Applied Statistics Minors must obtain a grade of B or better in three electives from the following list: Applied Time Series Analysis (APS 420), Sampling Techniques (APS 528), Multivariate Methods (APS 529), Theory of Probability and Stochastic Processes I (MSM 504), or other Ph.D.-level courses covering probability, stochastic processes, statistics or econometrics. In addition, a research project that makes a substantive contribution to the theory or application of one of the above fields must be signed off by an assigned advisor by November 15 of the third year. This may be a stand alone project or part of a paper required to satisfy the requirements for a course or the Second-Year Paper. If one paper is used to satisfy multiple requirements, the student must obtain prior approval from all instructors or committees evaluating the paper.

Faculty & Research Interests

Simon School faculty research and instruct in the area of Applied Statistics include: Harry Groenevelt and G. William Schwert.

Courses & Descriptions

Listed below are titles of M.B.A.-level courses (for descriptions the Simon Information Guide), and descriptions of Ph.D.-level courses in Applied Statistics.

  • APS 411  Applied Statistics and Data Analysis
  • APS 420  Applied Time Series Analysis
  • APS 511  Introduction to Mathematical Statistics.
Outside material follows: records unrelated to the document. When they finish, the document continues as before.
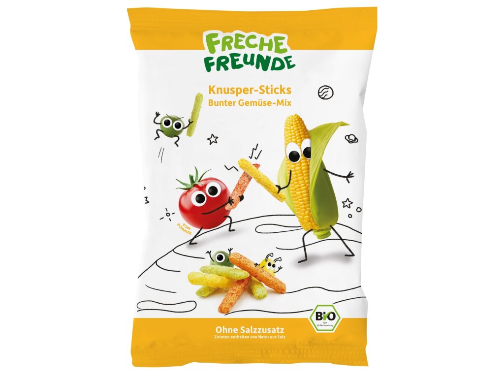 Německou značku Freche Freunde založili v roce 2010 Natacha a Alexander Neumannovi. Používají výhradně BIO suroviny a v jejich kapsičkách, tyčinkách či křupkách nenajdete žádný cukr, umělá barviva či dochucovadla. Díky hravým obalům budují u dětí pozitivní vztah k ovoci a zelenině. Freche Freunde nabízí produkty pro děti již od ukončeného 6. měsíce.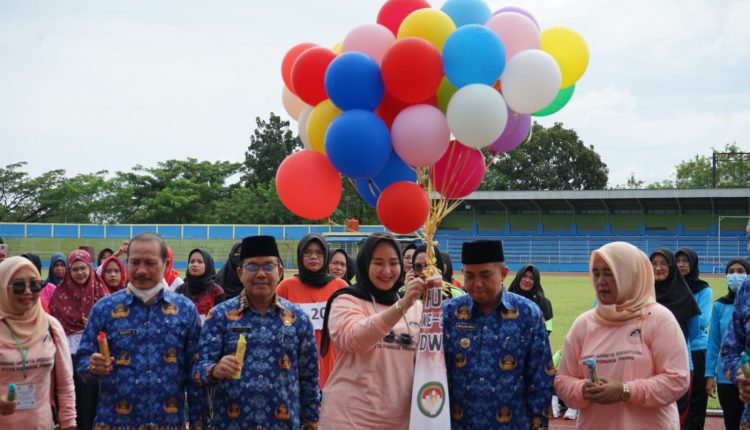 PANGKALPINANG – Wali Kota Pangkalpinang Maulan Aklil (Molen) dan Ketua Tim Penggerak PKK Pangkalpinang Monica Haprinda membuka membuka perlombaan lari estafet DWP Kota Pangkalpinang, di Stadion Depati Amir, Kamis (17/11/2022).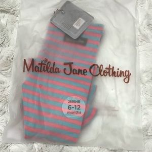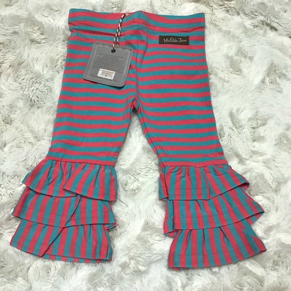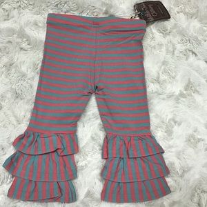 Matilda Jane, pink and blue, ruffled pants. Striped. Available in sizes 6-12 months and 2T.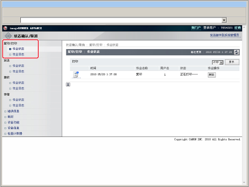 显示包括“存储接收收件箱”或“保密传真收件箱”中的作业在内的本地打印作业日志。
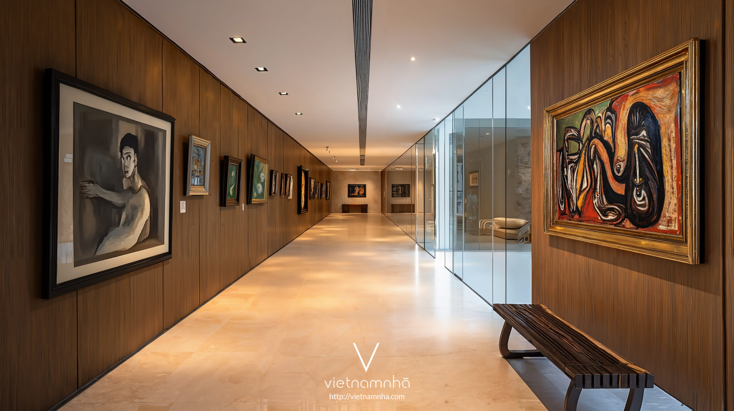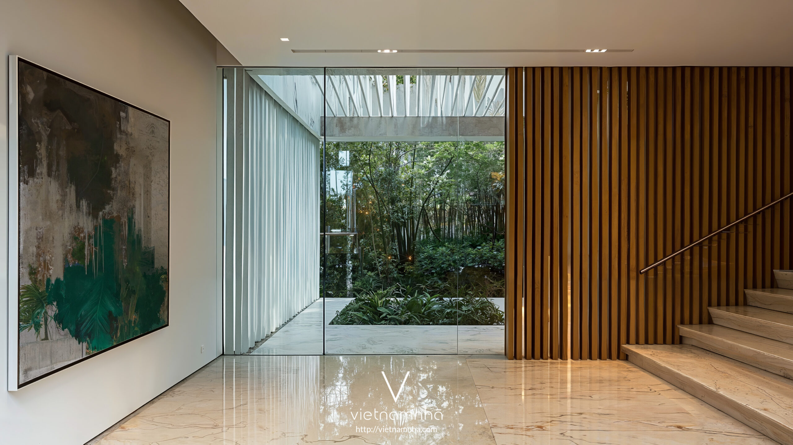 Sảnh vào bố trí cloister có giếng trời lớn, hòa sáng gián tiếp và tạo lối dẫn thị giác vào trong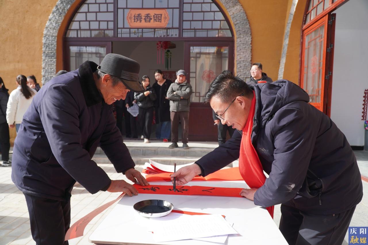 日頭漸高,暖意愈濃。帶著臘八的香甜與溫馨,村民們?nèi)齼蓛呻x席。有的圍在傳統(tǒng)剪紙藝人身邊細(xì)細(xì)觀摩,有的排隊(duì)等待領(lǐng)取心儀的春聯(lián)?!敖瘃R迎春春入戶,祥風(fēng)報喜喜臨門”“馬年好運(yùn)隨春到,家業(yè)興旺逐日升”……墨香四溢間,村民們接過紅彤彤的春聯(lián),小心翼翼卷好,笑容里滿載著對新年的憧憬。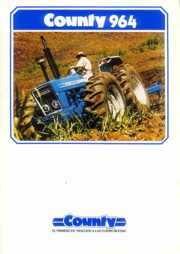 A 2 sided leaflet in mint condition for the export version of the County 964 tractor; Spanish text.

The course provides an overview of mathematical statistics. The topics covered are: fundamentals of probability theory, random variables, distribution functions and moments, important univariate distributions, joint distributions, distributions of functions of random variables, sampling distributions, parametric point estimation, and hypotheses testing.
  • APS 514  Introduction to Econometrics (same as ECO 484, 2 credit hours, pre-requisites: AEC 505 and APS 511 or equivalent). The course is for students intending to do research in quantitative areas. Topics include estimation and hypothesis testing in the standard linear model, weighted least squares, transformations, constraints, analysis of variance and covariance, and problems of model specification.
  • APS 515  Elements of Econometrics (same as ECO 485, 4 credit hours, pre-requisite: APS 514). The study of the specification of econometric models in which economic theory, stochastic disturbances, and the link between conceptual variables and observable economic data are combined. Topics include estimation of single-equation linear and non-linear econometric models by least squares and other methods, and estimation of time-series models and simultaneous-equation models. Particular attention is given to specification problems, such as heteroskedasticity, multicolinearity, qualitative dependent variables, and specification error.
  • APS 523  Advanced Econometrics (same as ECO 517, 5 credit hours, pre-requisite: APS 515). The course covers asymtotic theory for econometrics; maximum likelihood and related estimators; estimation under misspecification; nonparametric estimation; Monte Carlo methods; small sample approximations.
  • APS 524  Topics in Macroeconometrics (same as ECO 518, 5 credit hours, pre-requisite: APS 523 or permission of instructor). Course content varies from year to year. Stationary and nonstationary processes, expectations, unobserved component models, Kalman filtering and volatility are possible topics discussed.
  • APS 528  Sampling Theory (same as BST 421, 4 credit hours, prerequisite: APS 411 and differential calculus, offered in alternate years). For students with primary interest in applied statistics or research in quantitative areas. Topics include design and analysis of random, stratified, and systematic sampling; multistage and multiphase sampling; nonresponse and measurement errors.
  • APS 529  Applied Multivariate Analysis (same as BST 441, 2 credit hours, pre-requisite: APS 514). Methodology and applications of multivariate regression and analysis of variance; classification and discrimination; principal components, clustering, and multidimensional scaling; use of statistical software.